A 3 step Tack is probably just right for a lot of Plots, especially if you throw a 2-block in there. Depending on how the group plays, this would probably be pretty good for a double-episode arc - you know, the ones that are two-parters. Siege of the North was probably a 3 step track with a 2-block in the end, "The Fire Nation attacks," "Zuko kidnaps the Avatar" "Zhou kills the Moon."

A 2 step Track might be good for a single episode Plot, but at this size I think it's probably just better to handle with your regular materials instead of prepping a Plot. I just wanted to have it here to talk about, I don't think you should use 2 step Tracks.

All of these leave me with a couple of unanswered questions.
Should I present more of a toolbox approach, with multiple potential Tracks and how to build a Track for your Plot? Or should I find a stable solution (or a couple of them) and present those ones that I find best-suited for the game?
One is more about control and delivering a particular experience, the other allows for greater variation. I'm leaning toward "Toolbox" right now, if for no other reason than it being a lot easier on me, I don't have to try to find the optimal one or two.
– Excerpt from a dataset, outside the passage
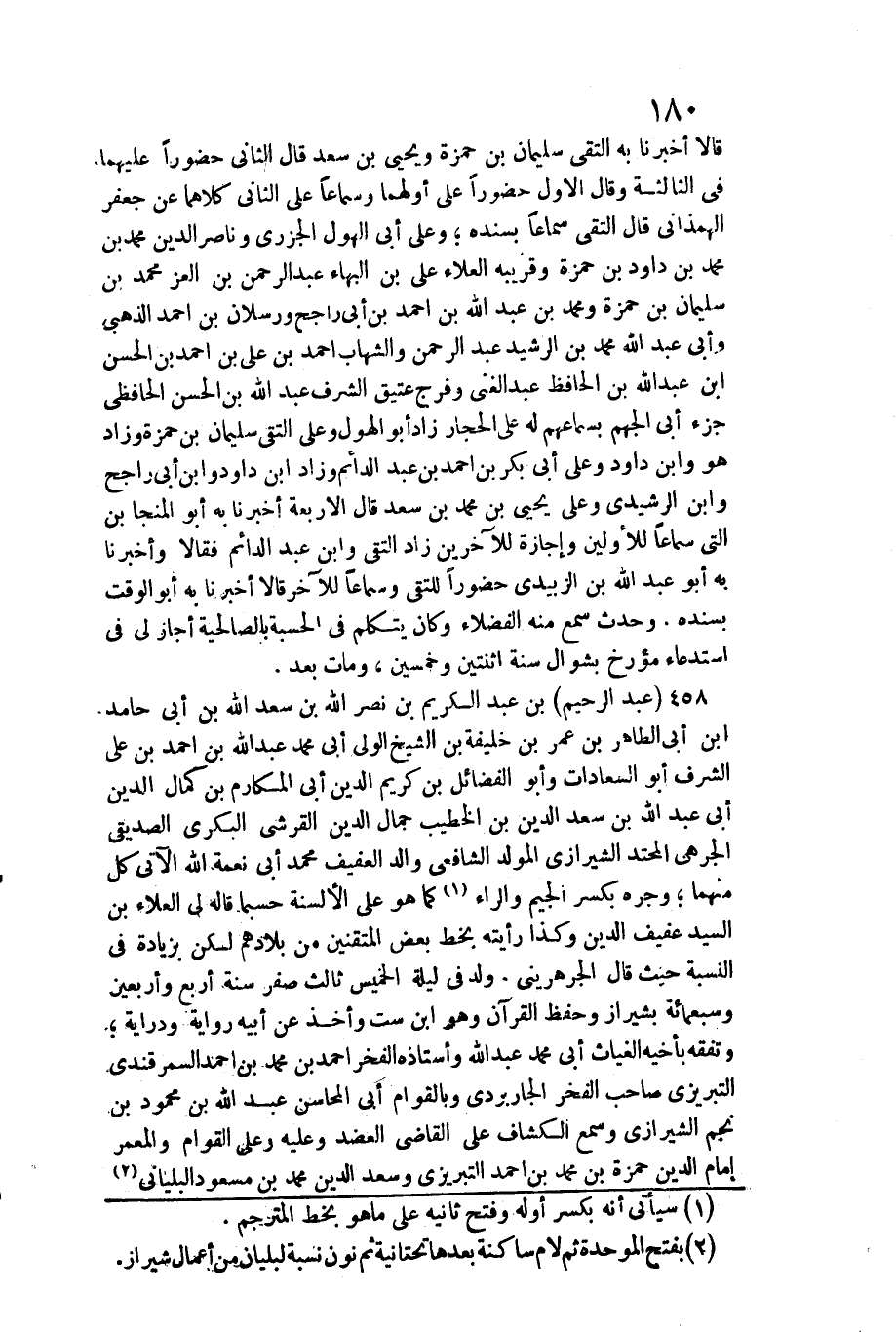 قَالَا أخبرنَا بِهِ التقي سُلَيْمَان بن حَمْزَة وَيحيى بن سعد قَالَ الثَّانِي حضورا عَلَيْهِمَا فِي الثَّالِثَة وَقَالَ الأول حضورا على أَولهمَا وسماعا على الثَّانِي كِلَاهُمَا عَن جَعْفَر الهمذاني قَالَ التقي سَمَاعا بِسَنَدِهِ وعَلى أبي الهول الْجَزرِي وناصر الدّين مُحَمَّد بن مُحَمَّد بن دَاوُد بن حَمْزَة وقريبه الْعَلَاء عَليّ بن الْبَهَاء عبد الرَّحْمَن بن الْعِزّ مُحَمَّد بن سُلَيْمَان بن حَمْزَة وَمُحَمّد بن عبد الله بن أَحْمد بن أبي رَاجِح ورسلان بن أَحْمد الذَّهَبِيّ وَأبي عبد الله مُحَمَّد بن الرشيد عبد الرَّحْمَن والشهاب أَحْمد بن عَليّ بن أَحْمد بن الْحسن ابْن عبد الله بن الْحَافِظ عبد الْغَنِيّ وَفرج عَتيق الشّرف عبد الله بن الْحسن الحافظي جُزْء أبي الجهم بسماعهم لَهُ على الْحجاز زَاد أَبُو الهول وعَلى التقي سُلَيْمَان بن حَمْزَة وَزَاد هُوَ وَابْن دَاوُد وعَلى أبي بكر بن أَحْمد بن عبد الدَّائِم وَزَاد ابْن دَاوُد وَابْن أبي رَاجِح وَابْن الرَّشِيدِيّ وعَلى يحيى بن مُحَمَّد بن سعد قَالَ الْأَرْبَعَة أخبرنَا بِهِ أَبُو المنجا بن الَّتِي سَمَاعا للأولين وإجازة للآخرين زَاد التقي وَابْن عبد الدَّائِم فَقَالَا وَأخْبرنَا بِهِ أَبُو عبد الله بن الزبيدِيّ حضورا للتقي وسماعا للْآخر قَالَا أخبرنَا بِهِ أَبُو الْوَقْت بِسَنَدِهِ، وَحدث سمع مِنْهُ الْفُضَلَاء وَكَانَ يتَكَلَّم فِي الْحِسْبَة بالصالحية أجَاز لي فِي استدعاء مؤرخ بشوال سنة اثْنَتَيْنِ وَخمسين، وَمَات بعد.
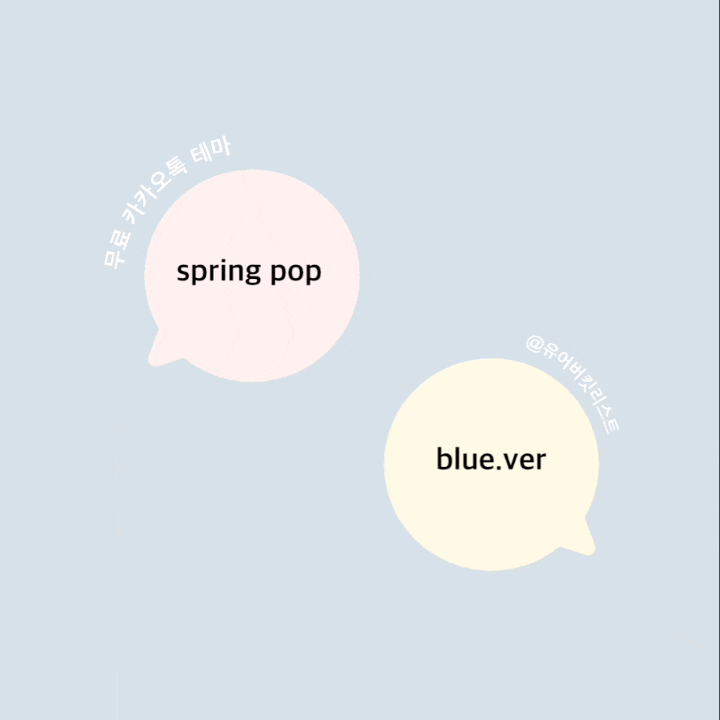 테마 적용폰트 : Aa 합정산스 ​ 아이폰 : 사파리 앱으로 블로그 접속하기- .ktheme 파일 꾹 누르신 후 카카오톡 나에게 보내기 - 적용 안드로이드 : 하단 링크 접속 후 (AND) 파일 클릭하기 - 무시하고 설치 반복 - 적용 ​ ​ 위의 방법이 안 될 경우 현재 페이지 링크 복사 후, 새 창 열어서 다시 접속 바랍니다. 그래도 안 될 경우 직접 검색 부탁드립니다 🎀 3월 한 달도 잘 보내셨나요? 스프링 팝 (블루/그린/핑크/샌드) 심플한 테마 버전으로 만들었어요. (• ̫•)⋆.· 블루/그린은 파스텔 색감이고 핑크/샌드는 차분한 색감입니다. 1 2 3 4 예쁘게 쓰세용! 보고 계신 페이지에서 카카오톡 테마 다운로드 카테고리를 누르시면 다양한 무료 카카오톡 테마를 확인하실 수 있습니다.

Is there another way for the MC to gain Chi?
If presented with a group that doesn't spend their Chi much and likes to level up more, how do Plots advance? The way Fronts move forward in Apocalypse World is either according to fiction ("Have they been left alone long enough to get this done by now?") or through hard moves. The first is a bit of a no-brainer - I think the fiction probably supercedes the mechanic there. But hard move to advance, I dunno. Instead, I kinda think a good hard move might be for the MC to gain Chi - this means that if they really want to advance their Plots, they can, but it means being a bit softer on the players for the moment. And, functionally, it'll be the same most of the time, since Tracks are usually mostly composed of 1-blocks.
But by giving MCs this additional pathway, am I cutting off what I'm doing with the pacing at the knees? I dunno. That's why this is unanswered!